Unincorporated community in Missouri, U.S.

Conception is a census-designated place (CDP) in southeastern Nodaway County, Missouri, United States. The population was 111 at the 2020 Census. Conception is home to Conception Abbey, a Benedictine monastery and seminary. Conception has frequently been noted on lists of unusual place names.

==History==
Conception was built up chiefly by Irish Catholics. The community was named for the Catholic dogma of Immaculate Conception.

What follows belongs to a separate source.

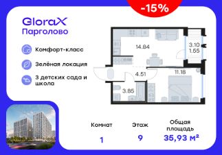 Продается 1-комн. квартира на 9-м этаже в проекте комфорт-класса GloraX Парголово. Общая площадь лота составляет 35,93 кв. м, из которых 11,18 кв. м отведено под жилую и 14,84 кв. м под кухонную зону. Номер квартиры - 222.

A post office called Conception has been in operation since 1864 and its abbey was founded in 1873

==Demographics==

Historical population
| Census | Pop. | Note | %± |
| 2020 | 111 |  | — |
U.S. Decennial Census

===2020 census===
As of the census of 2020, there were 111 people in the census-designated place. The population density was 148.1 PD/sqmi. The racial makeup of the city was 96.4% White, 2.7% Asian, and 0.9% Two or more races.
The gender makeup of the city was 68.5% male and 31.5% female, which is a significant outlier and is due to the male-only Catholic seminary.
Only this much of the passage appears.